Listeria monocytogenes - are we failing to learn lessons?
I just looked it up.
It's 17 years since the Maple Leaf deaths.
17 years.
And yet we're still reading the same things.
Poor fabrication.
Cleaning not quite what it should be.
Poor hygienic design.
I was in a factory recently and I pointed out an area of fabrication damage. "Oh we've not prioritised fixing there because we've not had any swabs fail in that area."
I can't go into detail here but there was a reason I could detect why swabs might not be effective in picking up Listeria in that area.
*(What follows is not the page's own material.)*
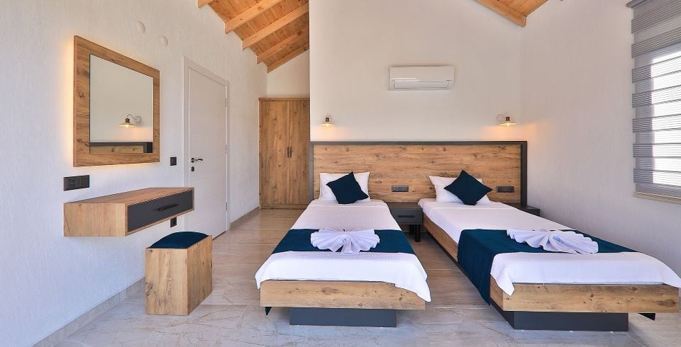 2. Yatak Odası : 2 adet tek kişilik yatak, klima, komodin, elbise dolabı, makyaj masası, banyo ve tuvalet bulunmaktadır.

I'm still seeing factories that wait for a swab failure to correct the things they know are wrong. They're waiting to sort out fabrication, cleaning, condensation etc. They are waiting till they actually have Listeria in their facility. Let that sink in. They're not acting until they have something which will probably become a resident strain.
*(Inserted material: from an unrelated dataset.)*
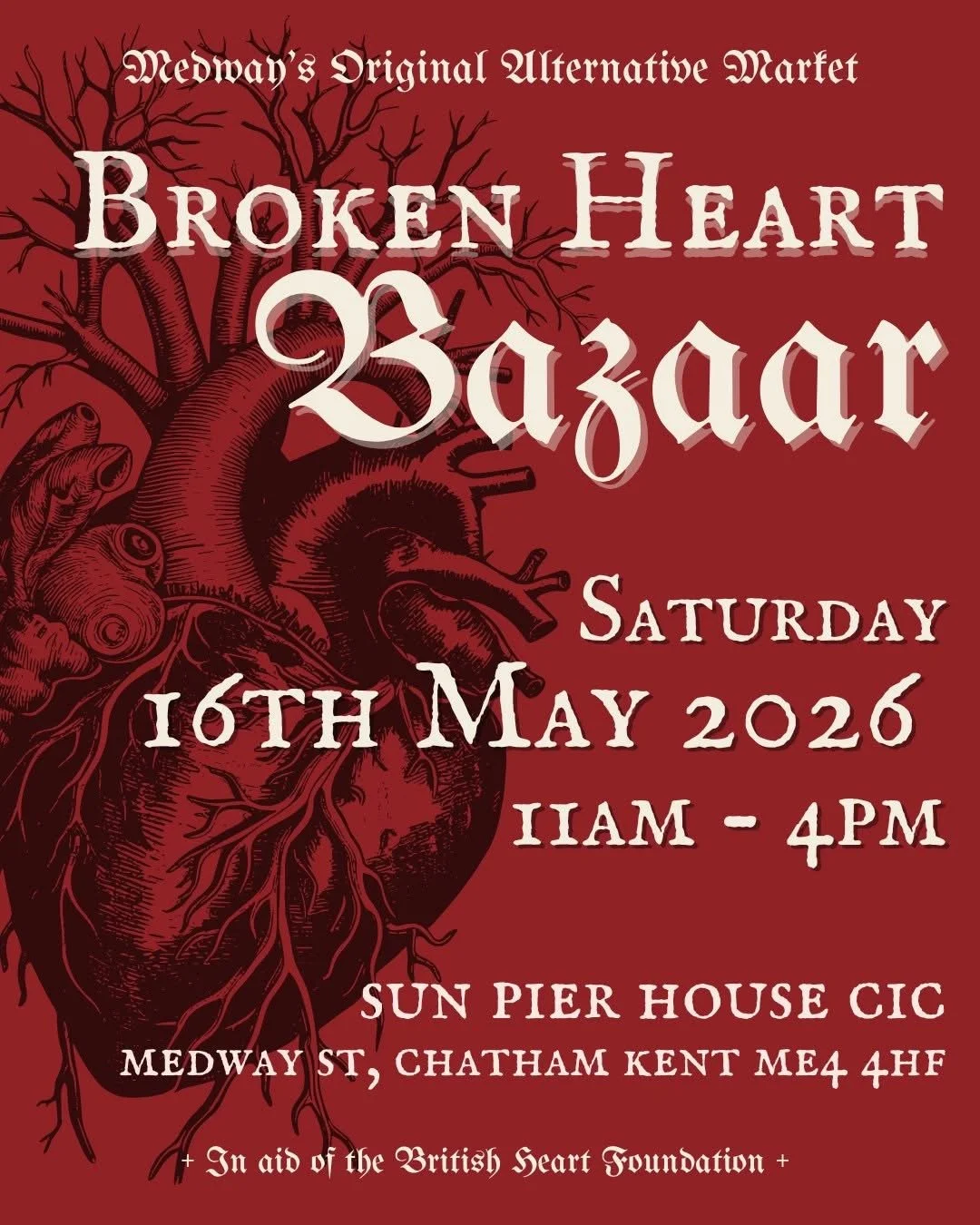 Your original Medway alternative market returns! Join us for another unique blend of alternative art, curios and wonders, gothic gifts, spooky homewares, and terrifying trinkets for you to explore! Not just any alternative market, this one has real heart. We run in aid of the British Heart Foundation and so far our events have raised more than £6000 for this incredible charity. With more than 40 incredibly talented makers bringing you their best works you are bound to leave with a haul of the best alternative goodies money can buy. No Ai slop or reselling allowed - our traders and artists are selected for the highest quality, human-made art. The venue is dog friendly! Lots of nearby parking options as well. Well-behaved children are welcome, but please be aware that some of the art and wares available are of a mature nature.

Boars Head, pasta recalls and more. And deaths of people who didn't need to die.
More are happening and with whole genome sequencing, even if they've not been linked yet, they might be in the future (even historical cases).
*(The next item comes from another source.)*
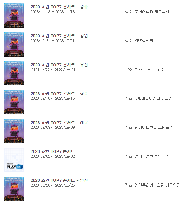 쇼퀸 콘서트는 현재 광주, 창원, 부산, 청주, 대구, 인천, 서울 총 7개의 지역에서 예정에 있습니다.

But when are we going to start with accountability on freely available information that "if you don't do this, you WILL have a problem?" It feels like (in the UK at least) the only people who ever get imprisoned are the little guys, the takeaway owners etc. In the US you have to be wilfully dishonest to be put in prison. When will food safety get the same penalties as people safety? Because it is people safety, the people are just not in front of you when they die.
Profit before people. Full stop
Our jobs are considered "unimportant" in most places, we're here because of a requirement...........I firmly believe, that there wouldn't be anyone doing our work without the requirements
I worked for ML at that time (in a different capacity) we all felt it, deep. When i walked into the office the Monday morning, to an office with 500 people, you could hear a pin drop. I had not heard the news over the weekend.
My next job was in food safety, I take my work very seriously. You must have nerves of steel and be able to quote chapter and verse to upper management in this field, but far too often, the people hired are too young, too weak and too "gung ho" to have what it takes to push back. I'm not afraid to push OR walk away. And if I walk, I will blow many whistles on my way out the door
We kind of do the same thing here stateside for people safety. If EU has very harsh penalties for that, you've already got a leg up on us.